* _Task_
The answer must consist solely of the lines below starting at the one containing "These fade-resistant Buyers" and ending at the one containing "Купить Комплект 10", repeated exactly, with both ends included and all pictures omitted.
Records supplied: Begin
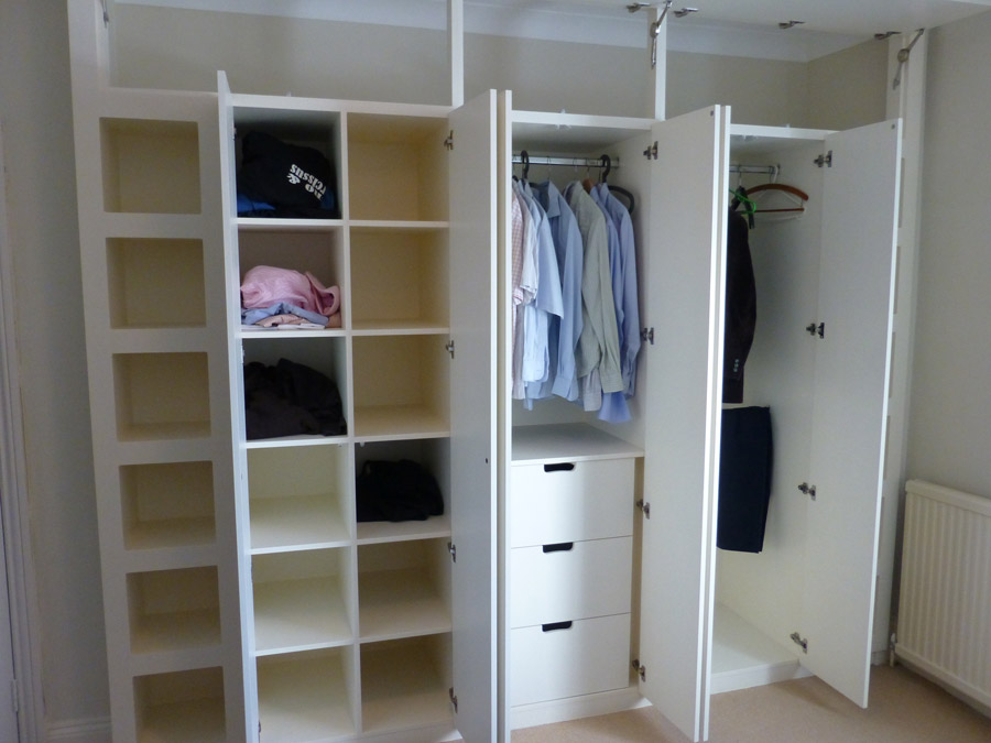 This wardrobe has sleek flush doors on concealed hinges with pressure catches. The upper doors are lift up, for easier access (and no bruised heads).
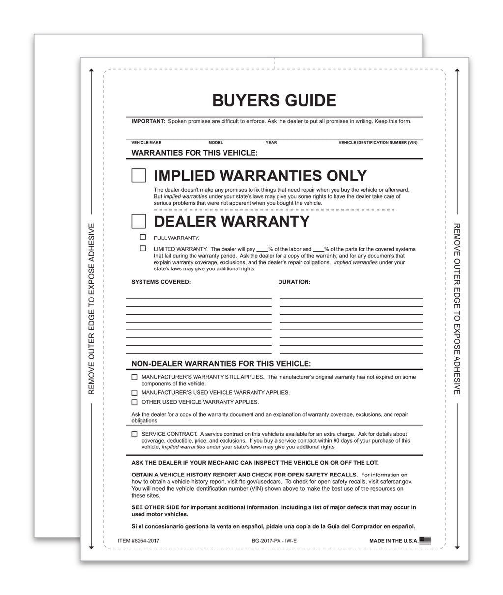 These fade-resistant Buyers Guides have “Permanent Adhesive On All 4 Sides” to adhere to the inside or outside of the vehicle window. Stay in compliance with current FTC regulations with these easy to use forms. These popular forms are laser compatible and easy to remove.
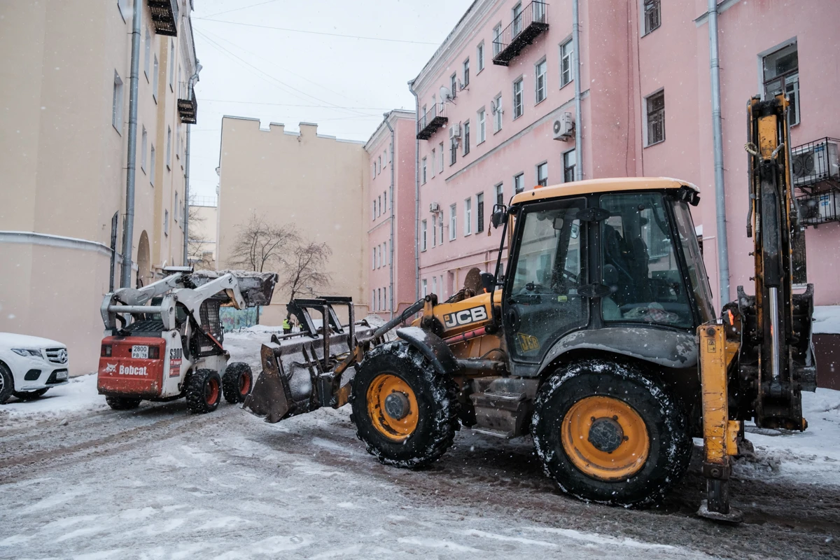 …Из арки дома по улице Правды, 2/13, доносится гул и скрежет железа об асфальт. Во дворе полтора десятка мужчин в кислотно-зеленых жилетах колют лед и сгребают его в ковши двух тракторов, которые перекидывают собранное в самосвал.
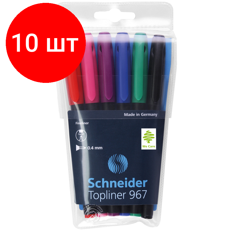Купить Комплект 10 шт, Набор капиллярных ручек Schneider "Topliner 967" 06цв., 0.4мм, европодвес
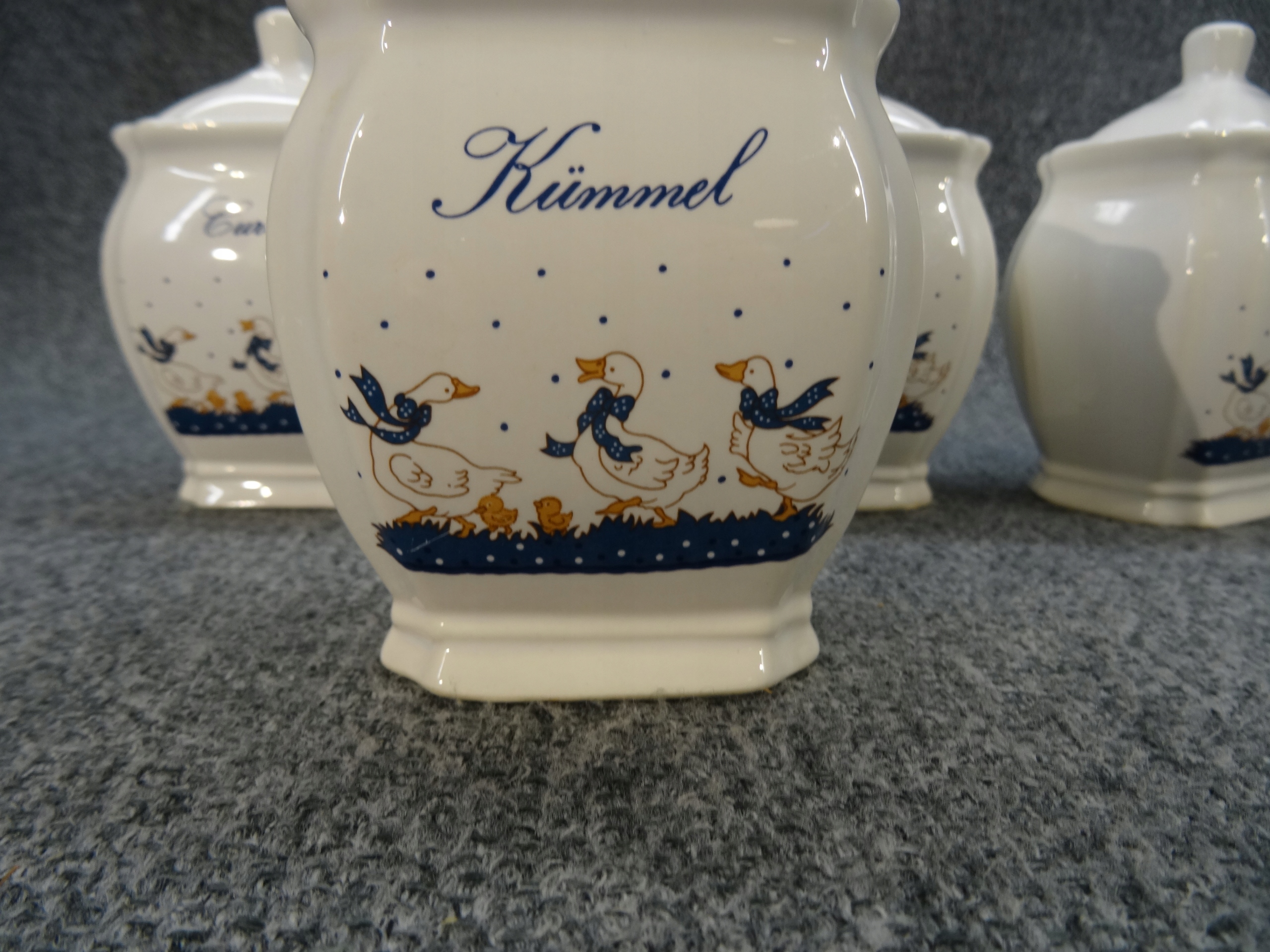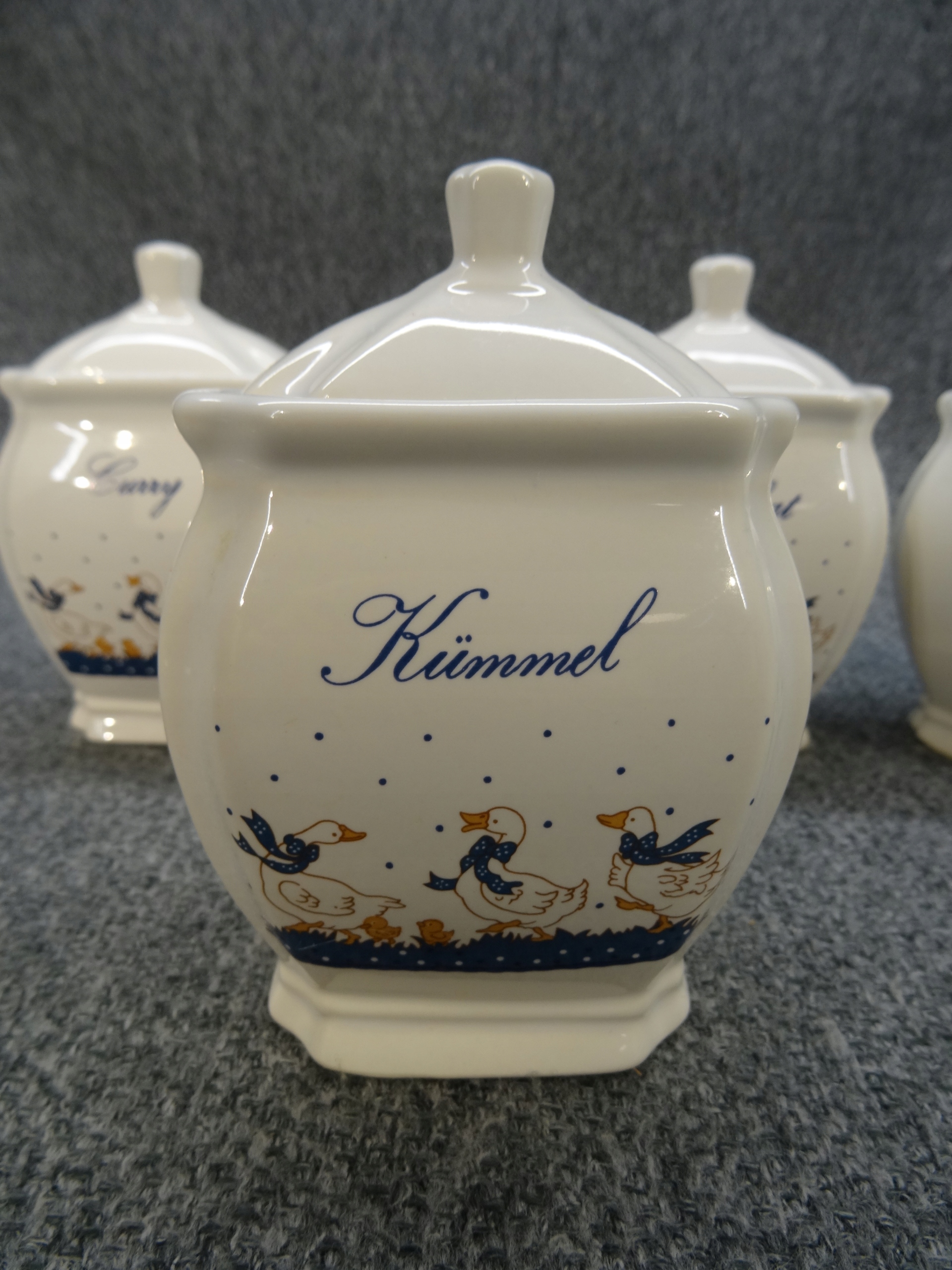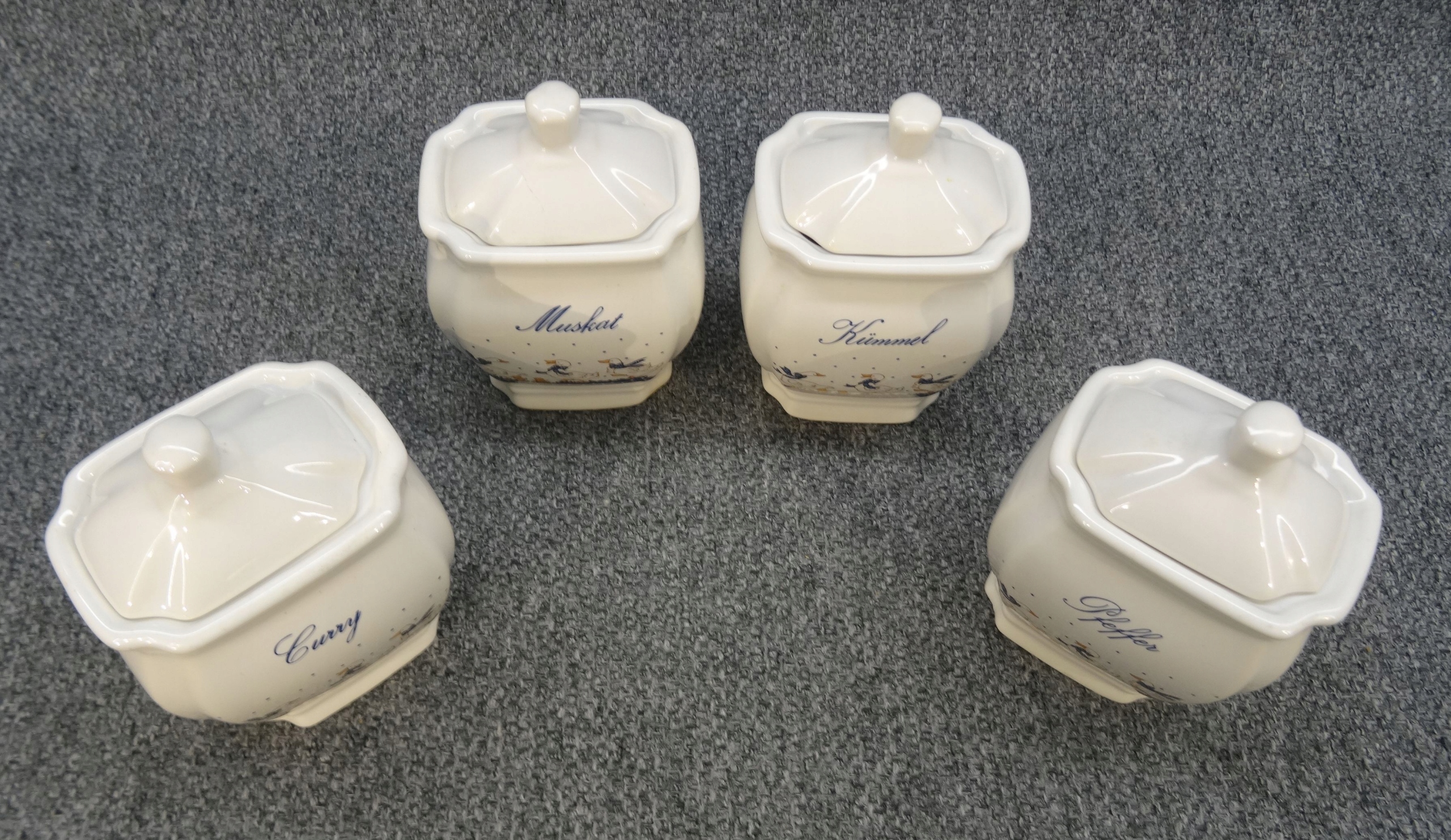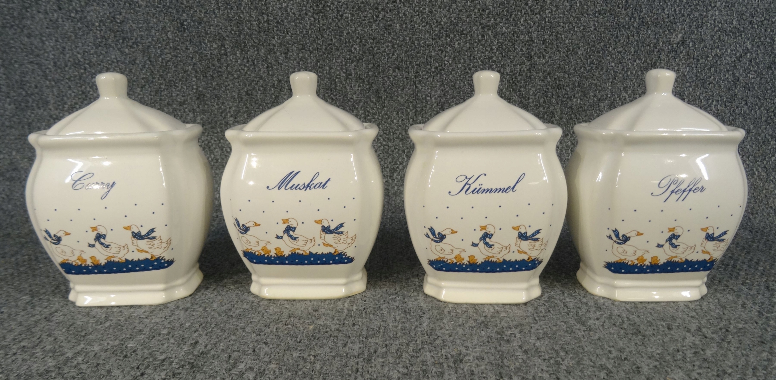 Набір з 4 німецьких порцелянових ємностей для спецій - гусячий малюнок. контейнери; kummel - кмин, pfeffer - перець, muscat - мускатний горіх, curry - каррі
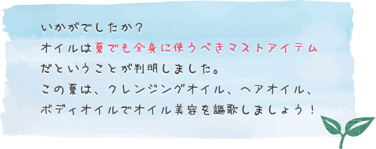 この夏はオイル美容ブームだということをご存知ですか?クレンジングオイル、ヘアオイル、そしてボディオイルと 、オイルアイテムが続々と登場しています。そう 、夏のオイル使いといえば、タンニングと思われがちですが(笑) 、実は今、ビューティアップに欠かせないアイテムとして 、オイルが美容感度の高い女子に注目されています。何となく肌色が曇る、髪がパサつく…など、夏トラブルの救世主となる最新オイル情報をお届けします。
Records supplied: End
* _Output of the exercise_
 These fade-resistant Buyers Guides have “Permanent Adhesive On All 4 Sides” to adhere to the inside or outside of the vehicle window. Stay in compliance with current FTC regulations with these easy to use forms. These popular forms are laser compatible and easy to remove.
 …Из арки дома по улице Правды, 2/13, доносится гул и скрежет железа об асфальт. Во дворе полтора десятка мужчин в кислотно-зеленых жилетах колют лед и сгребают его в ковши двух тракторов, которые перекидывают собранное в самосвал.
Купить Комплект 10 шт, Набор капиллярных ручек Schneider "Topliner 967" 06цв., 0.4мм, европодвес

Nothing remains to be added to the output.